Recently, researchers have begun to realize that not all brain damage occurs within a few hours or days of traumatic brain injury, lack of oxygen, drug overdose, or acute illness. Damage may still be occurring as much as a week or two weeks, or even two months later. Since the apparent type of brain damage may change into something more serious, a patient's prognosis for recovery may also be re-evaluated.

Brain damage can be classified by what caused it: the various types of traumatic injury--concussion, contusion, skull fracture or hematoma--as well as stroke, cardiac arrest, and so forth.

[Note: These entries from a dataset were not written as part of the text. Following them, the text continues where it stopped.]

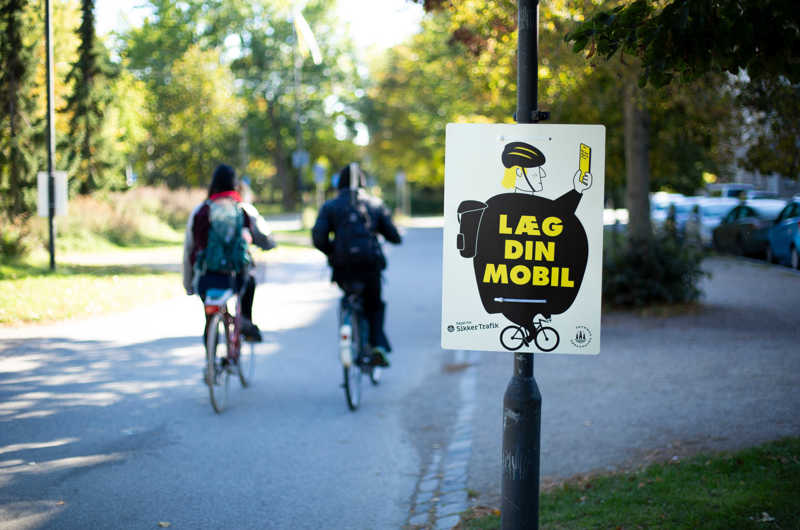 De tre råd til os cyklister er: “Læg din mobil”, “Giv tegn og “Giv plads”.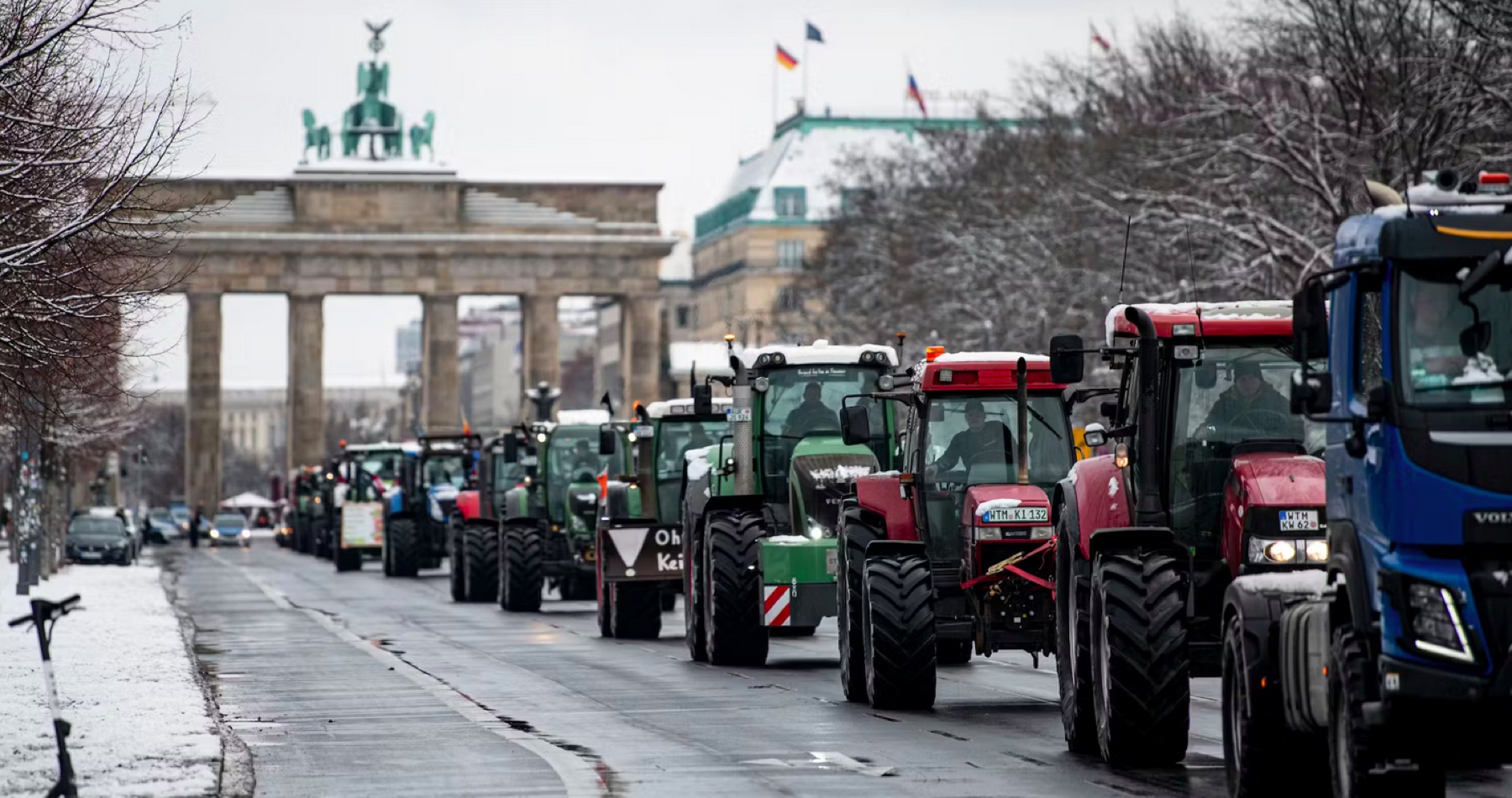 Ulice Berlína zablokovalo viac než 5000 trúbiacich traktorov, celkovo sa do protestov podľa Nemeckého združenia poľnohospodárov (DBV) zapojilo až 100.000 ľudí. Poľnohospodári chcú zvrátiť rozhodnutie vlády zrušiť daňové úľavy na poľnohospodárske vozidlá a dotáciu poľnohospodárskej nafty.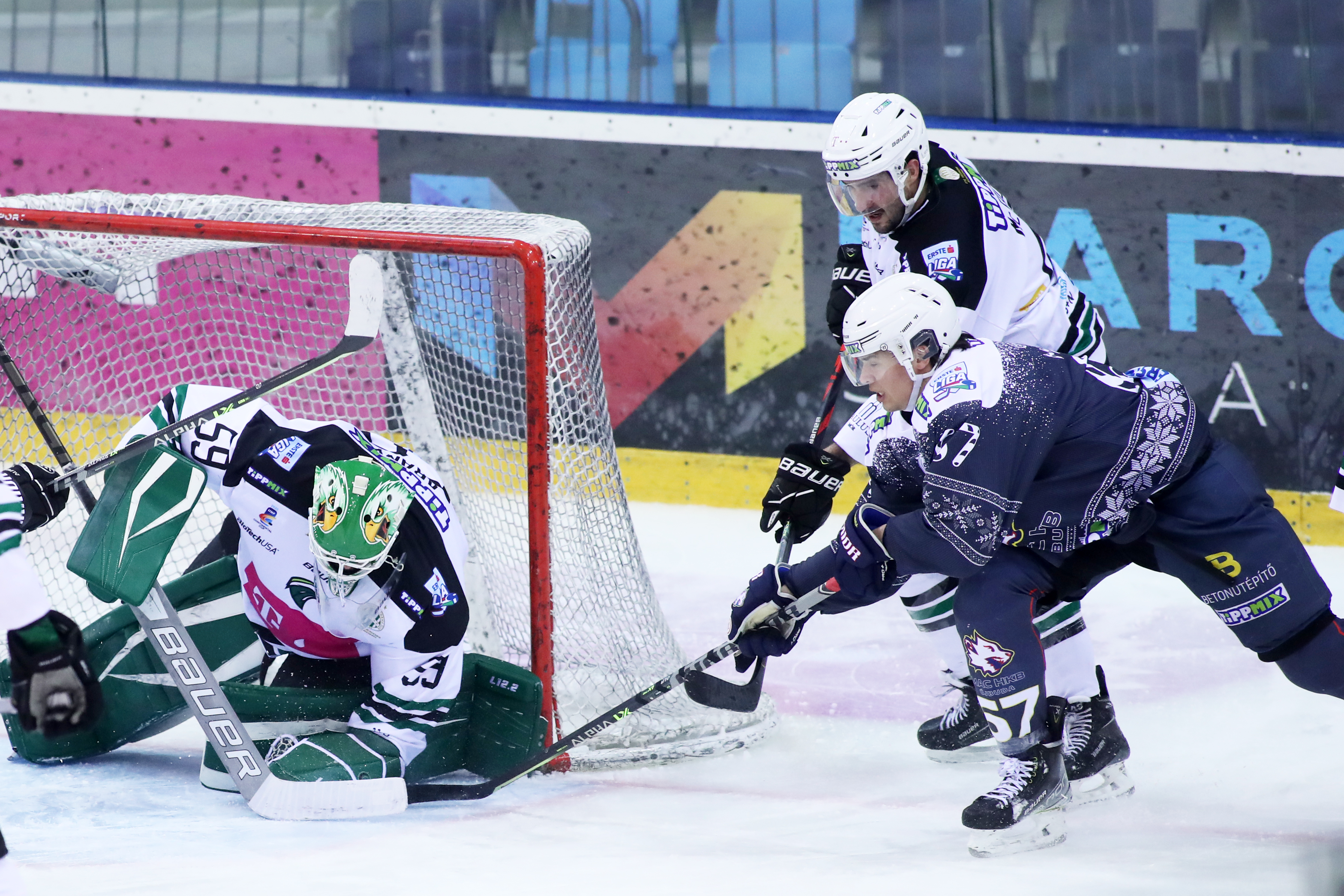 A tabella második helyéről várta a december-januári meccsdömping karácsony előtti utolsó állomását, a MAC HKB Újbuda elleni, ezúttal is papíron idegenbeli Tüskecsarnok-beli házirangadót magyar bajnoki címvédő férfi jégkorongcsapatunk. Fodor Szabolcs együttese remek formában érkezett a találkozóra, a mieink az elmúlt kilenc ligameccsükből nyolcat megnyertek, egy alkalommal pedig szétlövéses vereséget szenvedtek, és tudhattuk, hogy egy rendes játékidős győzelemmel egyetlen pontra zárkózhatunk fel a listavezető Sportklub Csíkszeredára úgy, hogy egy mérkőzéssel kevesebbet játszottunk. Emiatt is fontos volt a csütörtöki mérkőzés, és amiatt is, hogy a játékosok és a stáb nyugodt szívvel mehessenek el karácsonyozni, hiszen győztes mérkőzés után mégiscsak jobban esik a karácsonyi menü (amelyből Hegyi Ádám is készített egy fitt, mégis nagyon finom verziót a Fradi TV ünnepi kiadásában) és a bejgli…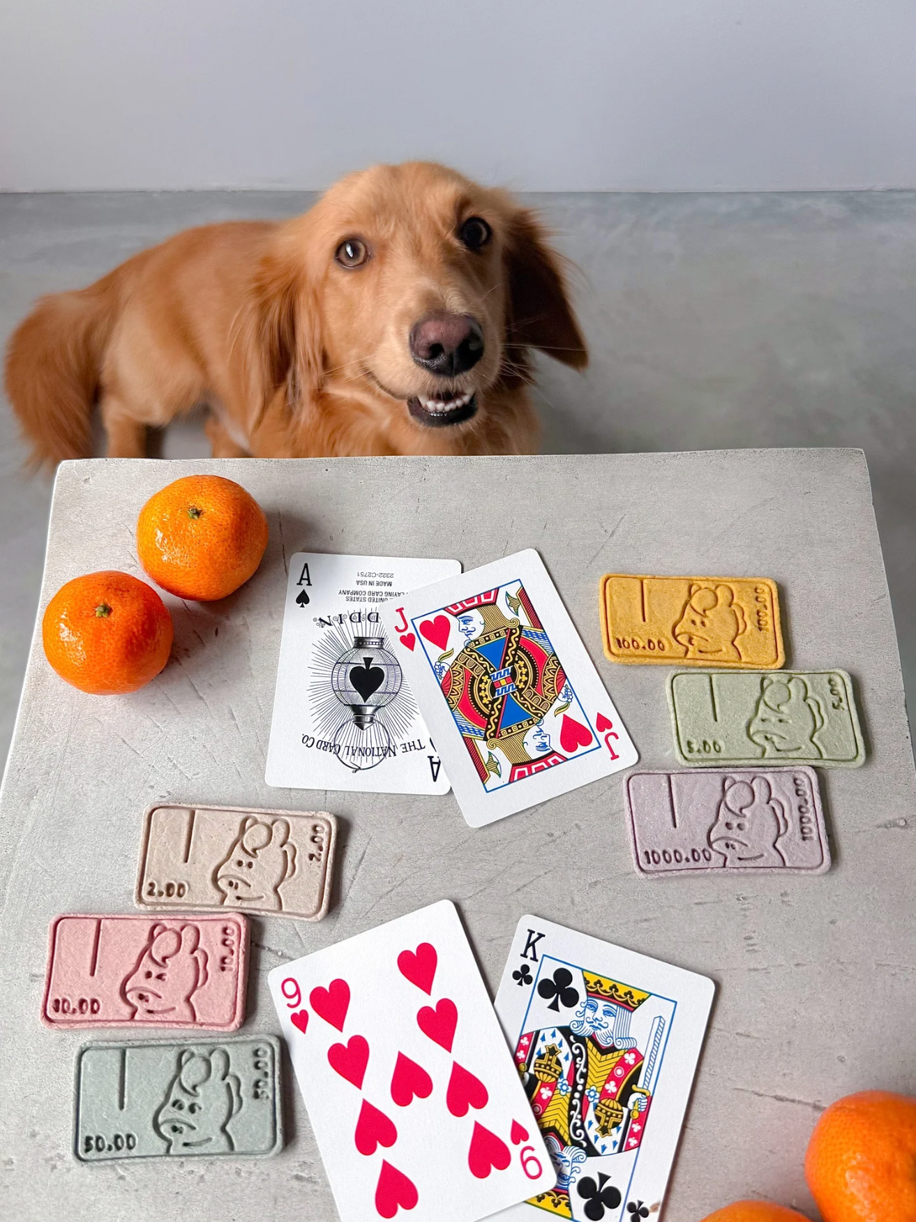 our lunar new year special - huat's up cookies. these cookies are made of meat and goat's milk. natural food coloring is used for colors. our huat's up cookie set are inspired by the singapore currency, with us designing our own hoy-rrency molds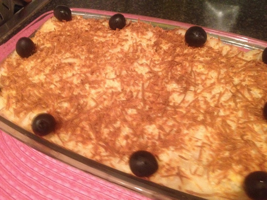 5º - Ahora espolvoreamos la mozzarella cubriendo ligeramente la bechamel y adornamos con las aceitunas negras . Precalentamos el horno a 180º .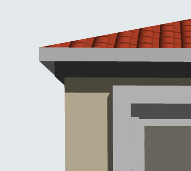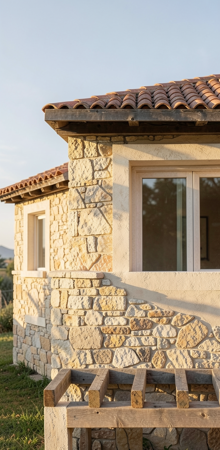roof detail of stone house natural stone wall clay roof tiles visible eaves realistic materials architectural detail photorealistic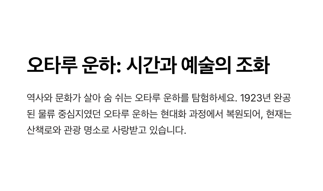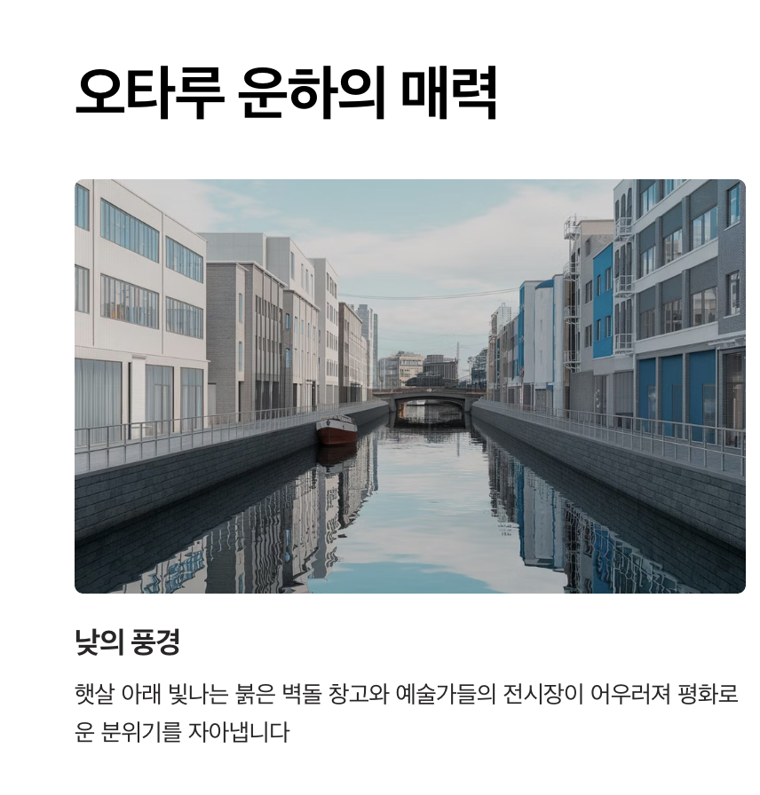 - 역사적 배경: 오타루 운하는 1923년 완공된 총 길이 1.1km의 운하로, 당시 홋카이도의 주요 항구 도시였던 오타루의 물류 중심 역할을 했습니다. 대형 선박에서 소형 선박으로 화물을 옮기는 장소로 사용되었으며, 항구와 인접한 창고들은 물류 거점으로 기능했습니다.

Brain cells closest to the site of the injury or infection die first, but then cells deeper in the brain near the damaged area begin to die off. This is thought to happen in response to that interrupted oxygen and glucose supply. This might be one reason why patients who seem to be normal and recovering well, suddenly take a turn for the worse.

Unexpected Recoveries

Brain insult from near-drowning or toxic gases, such as carbon monoxide, is diffused throughout the brain. When this has happened, damage can be widespread. However, the brain does have cells in a number of regions that can learn to take over the work of missing cells, and unexpected recoveries do happen. Doctors are as surprised and pleased as anyone else when they do, not to mention the excitement of the rehab team. But it's in the nature of most doctors to be cautious, so they are.